CA125: A SERENDIPITOUS BIOMARKER
The discovery of CA125 was a serendipitous event, arising from attempts to provide more effective therapy for patients with ovarian cancer. As a medical student at Harvard, I had spent two years with Dr. Hal Dvorak studying maturation of the immune response in guinea pigs (7, 8). After completing medical internship at Johns Hopkins, I had spent 3 years between 1972 and 1975 at the Biology Branch of the National Cancer Institute in Bethesda working with Drs. Herbert Rapp and Berton Zbar optimizing intratumoral immunotherapy in a guinea pig hepatoma model using Bacillus Calmette Guerin (BCG), a live attenuated strain of Mycobacterium bovis widely used in the early 20th Century as a vaccine against tuberculosis. Herb and Bert had found that the intense inflammatory response to the local injection of BCG could produce regression of syngeneic hepatoma transplants growing on the flanks of guinea pigs, eliminate regional lymph node metastases and induce tumor specific immunity (9). Their work paralleled ongoing clinical studies at NCI with intratumoral injection of cutaneous melanoma metastases and anticipated the intravesical administration of BCG to control superficial papillary carcinomas of the bladder, a treatment that is still widely used (10).
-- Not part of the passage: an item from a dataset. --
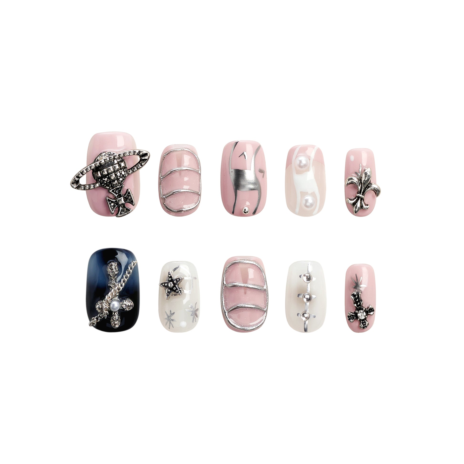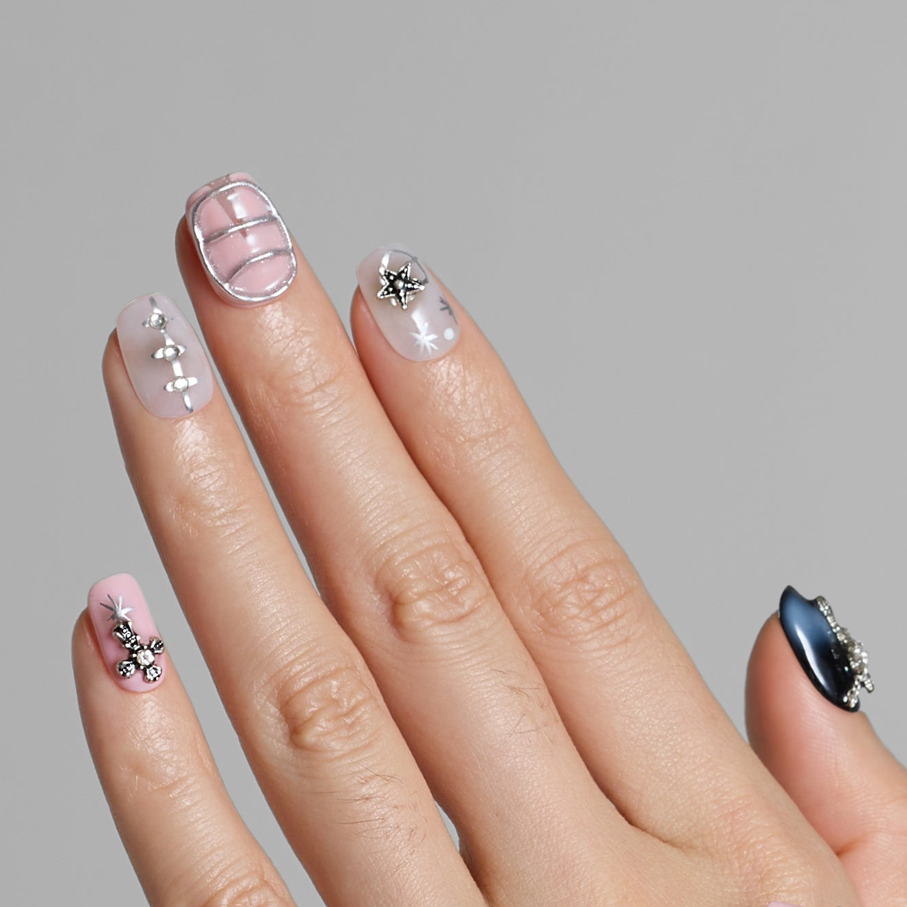 Place your press-on nails at a 45 degree angle 2mm away from your cuticles and push back.

After returning to Boston to complete a medical residency and fellowship in medical oncology, I had joined the faculty at the Dana Farber Cancer Institute. In establishing my own laboratory, I had wanted to apply the principles that I had learned in Bethesda to develop effective immunotherapy for a visceral cancer. Ovarian cancer seemed to be an ideal candidate, where clinically important metastases were found on the surface of the peritoneal cavity. Intraperitoneal administration of an immunostimulant might induce sufficient chronic inflammation on the peritoneal surface to control metastatic disease. Dr. Robert Knapp, the head of Gynecologic Oncology at the Brigham and Women's Hospital, and his fellow, Dr. Ross Berkowitz, who now holds that position at the same institution, were pursuing a similar strategy and so we joined forces, combining our two laboratories. Bob and Ross had adapted a murine model for ovarian cancer developed by Dr. Stanley Order, where murine ovarian cancer cells grew within the abdominal cavity, blocked diaphragmatic lymphatics and induced ascites. Intraperitoneal injection of a heat killed preparation of Corynebacterium (Propionobacter) parvum could prolong survival of tumor bearing mice and the addition of a rabbit anti-murine ovarian cancer heteroantiserum further prolonged survival. In my initial studies, the synergistic anti-tumor activity of the two agents was shown to depend upon antibody dependent cell mediated cytotoxicity (ADCC) mediated by macrophages that were attracted into the peritoneal cavity and activated by the C. parvum (11).
In the days before Translational Research, we had translated this murine model directly to the clinic, treating ovarian cancer patients with residual peritoneal disease following conventional chemotherapy using repeated intraperitoneal administration of C. parvum through a peritoneal dialysis catheter. An objective response rate of 30% was observed with two complete responses lasting more than a year (12). Macrophages washed from the peritoneum demonstrated enhanced activity for ADCC, suggesting that therapy might be improved by the addition of specific antibody against human ovarian cancer. Using the then new monoclonal antibody technology developed by Kohler and Milstein (13), we had developed the first monoclonal antibodies against human ovarian cancer. The 125th promising clone was designated OC (Ovarian Cancer) 125 and the cancer antigen recognized by this antibody became CA125. Expression of CA125 was found in normal amnion, Mullerian duct and peritoneum during fetal development and in normal adult endometrium, lung and cornea, but not normal ovary (14, 15). Approximately 80% of ovarian cancers expressed significant amounts of CA125, but it soon became apparent that CA125 was shed from the cancer cell surface and could be found in supernatants from cultured ovarian cancer cells, limiting its potential for serotherapy. A shed antigen might, however, prove valuable as a biomarker to monitor response to treatment, filling an unmet clinical need.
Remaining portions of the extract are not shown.